Where the data below shows a picture, leave that picture out and copy the rest exactly.

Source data
══════════

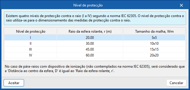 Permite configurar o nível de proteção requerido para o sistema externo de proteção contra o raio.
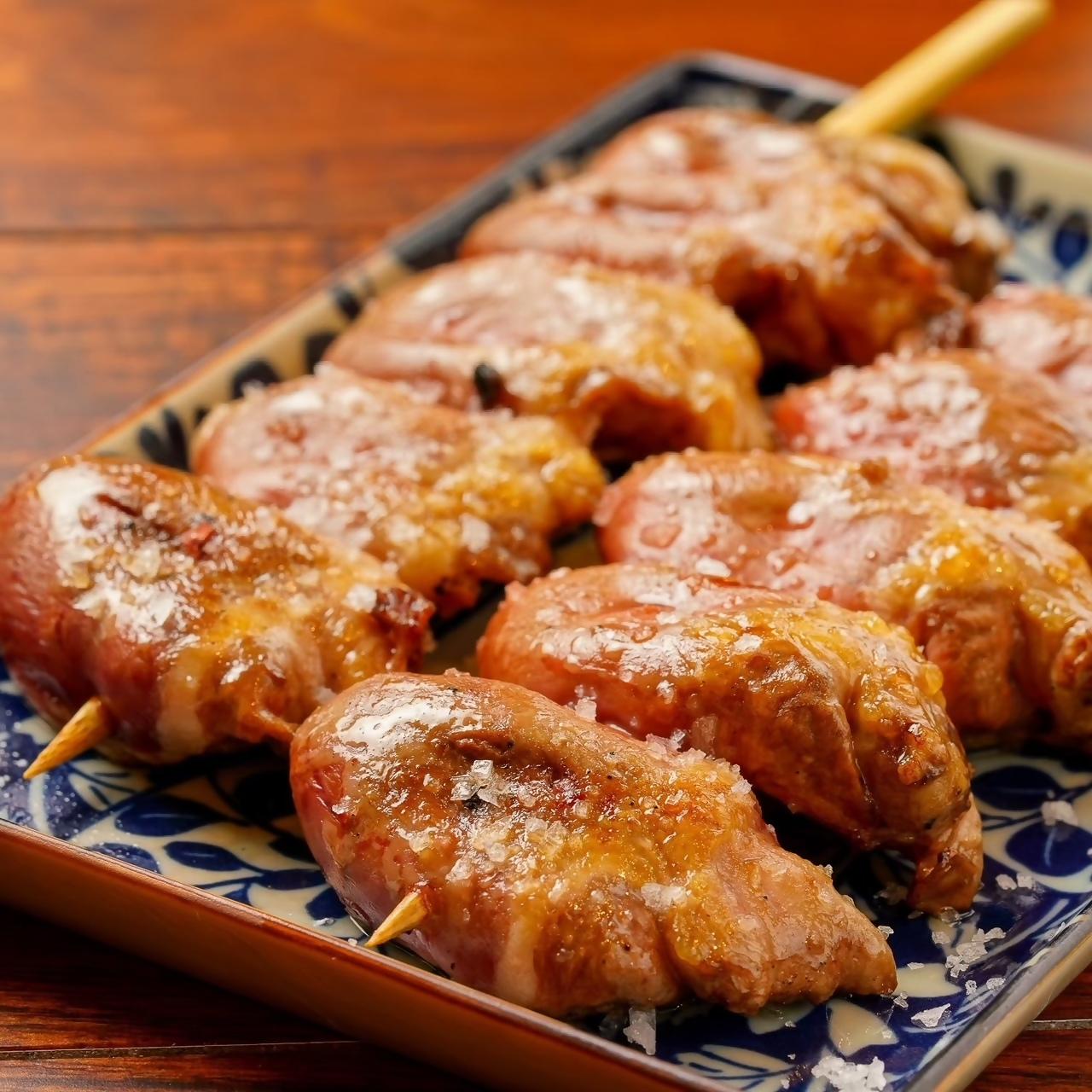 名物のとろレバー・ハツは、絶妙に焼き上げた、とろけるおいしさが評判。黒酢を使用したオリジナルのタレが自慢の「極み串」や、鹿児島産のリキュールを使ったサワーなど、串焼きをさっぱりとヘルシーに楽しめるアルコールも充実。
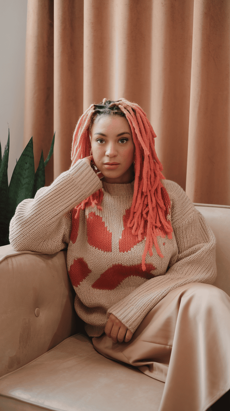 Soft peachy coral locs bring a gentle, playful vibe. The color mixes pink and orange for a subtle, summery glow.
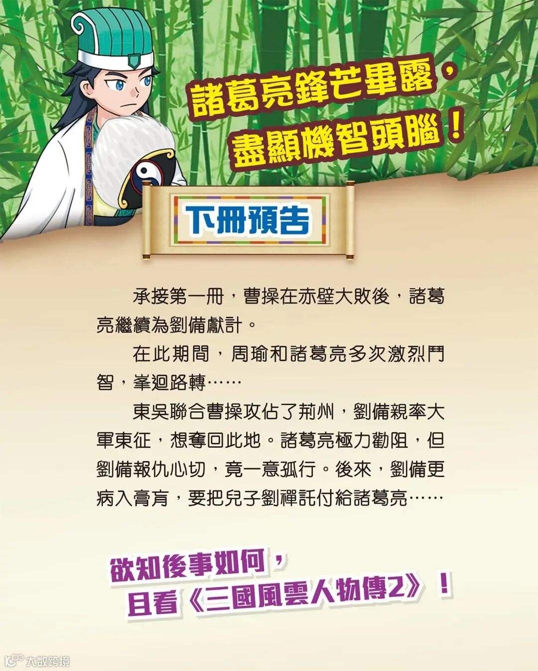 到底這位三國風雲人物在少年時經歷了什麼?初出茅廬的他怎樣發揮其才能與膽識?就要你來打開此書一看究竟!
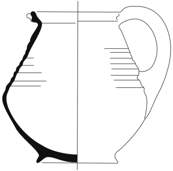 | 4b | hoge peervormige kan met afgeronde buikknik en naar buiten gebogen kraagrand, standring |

══════════

= RESPONSE TO THIS EXERCISE =
 Permite configurar o nível de proteção requerido para o sistema externo de proteção contra o raio.
 名物のとろレバー・ハツは、絶妙に焼き上げた、とろけるおいしさが評判。黒酢を使用したオリジナルのタレが自慢の「極み串」や、鹿児島産のリキュールを使ったサワーなど、串焼きをさっぱりとヘルシーに楽しめるアルコールも充実。
 Soft peachy coral locs bring a gentle, playful vibe. The color mixes pink and orange for a subtle, summery glow.
 到底這位三國風雲人物在少年時經歷了什麼?初出茅廬的他怎樣發揮其才能與膽識?就要你來打開此書一看究竟!
 | 4b | hoge peervormige kan met afgeronde buikknik en naar buiten gebogen kraagrand, standring |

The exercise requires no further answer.